An appeals court has ruled against JPMorgan Chase & Co. in a lawsuit brought by a mortgage underwriter, finding that its mortgage underwriters must be paid overtime.

A loan underwriter at JPMorgan does not qualify for the administrative exemption under the federal Fair Labor Standards Act, and thus is eligible for overtime pay, according to a recent decision of the U.S. Court of Appeals for the Second Circuit.

Chase treated loan underwriters as covered by the administrative exemption from the FLSA’s overtime requirements.

To qualify for the FLSA exemption, an employee must: 1) “perform work ‘directly related to management policies or general business operations’ and 2) ‘customarily and regularly exercises discretion and independent judgment.'” 29 C.F.R. § 541.2(a).
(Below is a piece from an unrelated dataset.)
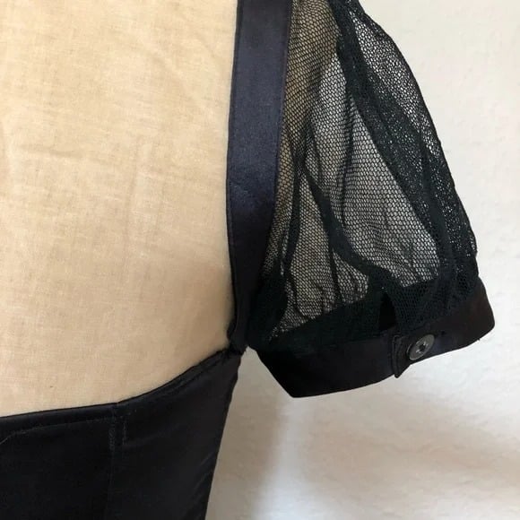 2007 Dolce & Gabbana black silk gown with bustier style bodice and mesh puff sleeves

The Second Circuit described underwriter Andrew Whalen’s duties as follows:

  • Whalen’s primary duty was to sell loan products under the detailed direction of [Chase’s internal document called] the Credit Guide…Underwriters were given a loan application and followed procedures specified in the Credit Guide in order to produce a yes or no decision. Their work is not related either to setting ‘management policies’ nor [sic] to ‘general business operations’ such as human relations or advertising, 29 C.F.R. § 541.2, but rather concerns the ‘production’ of loans – the fundamental service provided by the bank.

The Second Circuit reversed the district court’s grant of summary judgment in favor of Chase, holding that Whalen was not a bona fide administrator because his work was unrelated to management policies or general business operations.
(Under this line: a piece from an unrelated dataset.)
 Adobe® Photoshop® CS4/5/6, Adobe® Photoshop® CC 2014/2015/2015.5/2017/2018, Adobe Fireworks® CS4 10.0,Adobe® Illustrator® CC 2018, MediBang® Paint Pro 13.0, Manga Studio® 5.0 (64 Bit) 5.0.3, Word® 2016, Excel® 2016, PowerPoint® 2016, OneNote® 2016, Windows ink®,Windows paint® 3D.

Whalen’s work was production (i.e., non-exempt) as opposed to administrative (i.e., exempt). The court emphasized that production work need not lead to the creation of a tangible item. An employee producing an intangible, such as a loan, also may be engaged in non-exempt production work. The key is the “important distinction” between employees who produce the good or service that is the primary output of a business (i.e., non-exempt) and employees who perform general administrative work applicable to any business (i.e., exempt).

Since Whalen’s job failed to satisfy the first prong of the administrative exemption test, the court did not address whether it satisfied the second prong of customarily and regularly exercising discretion and independent judgment.
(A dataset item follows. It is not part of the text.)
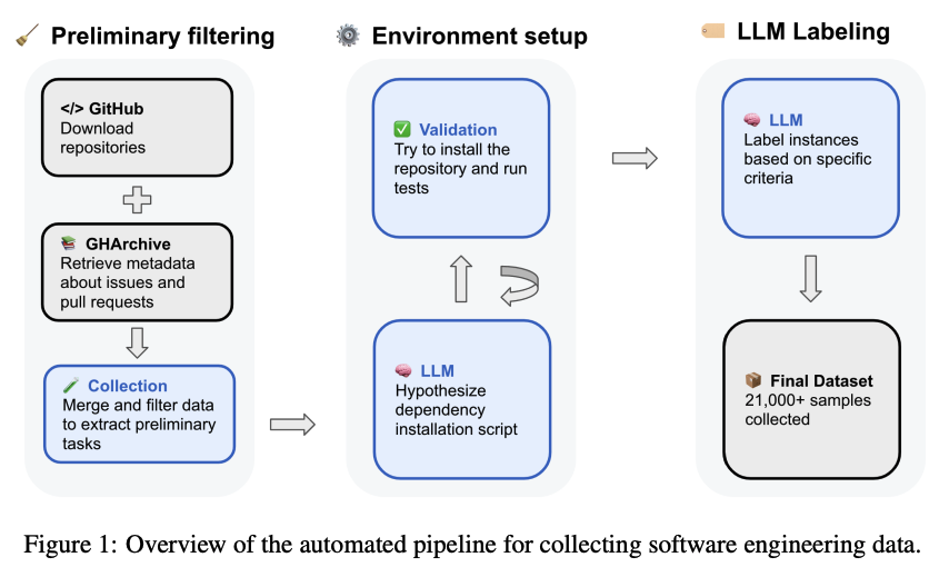์ ์ง์์ ์ผ๋ก ์ถ์ถํ๋ ์๋กญ๊ณ ์๋ํ๋์์ผ๋ฉฐ ํ์ฅ ๊ฐ๋ฅํ ํ์ดํ๋ผ์ธ์ ์๊ฐํ๋ค. ์ด ํ์ดํ๋ผ์ธ์ ์ฌ์ฉํ์ฌ ๋๊ท๋ชจ SWE ์์ด์ ํธ์ ๊ฐํ ํ์ต์ ์ ํฉํ 21,000๊ฐ ์ด์์ ๋ํํ Python ๊ธฐ๋ฐ SWE ์์

Mortgage bankers take heed — every classification by employers of employees under the FLSA is fact-specific.

Job title aside, the question always will boil down to the actual responsibilities of the loan underwriter. Underwriters like Whalen, whose work involves the production of loans as opposed to management policies and general business operations, are likely to be regarded as non-exempt employees. Combinations of those responsibilities will make classification more challenging.

Whalen v. J.P. Morgan Chase & Co.
Case No. 08-4092, Nov. 20, 2009 (U.S. Court of Appeals for the Second Circuit)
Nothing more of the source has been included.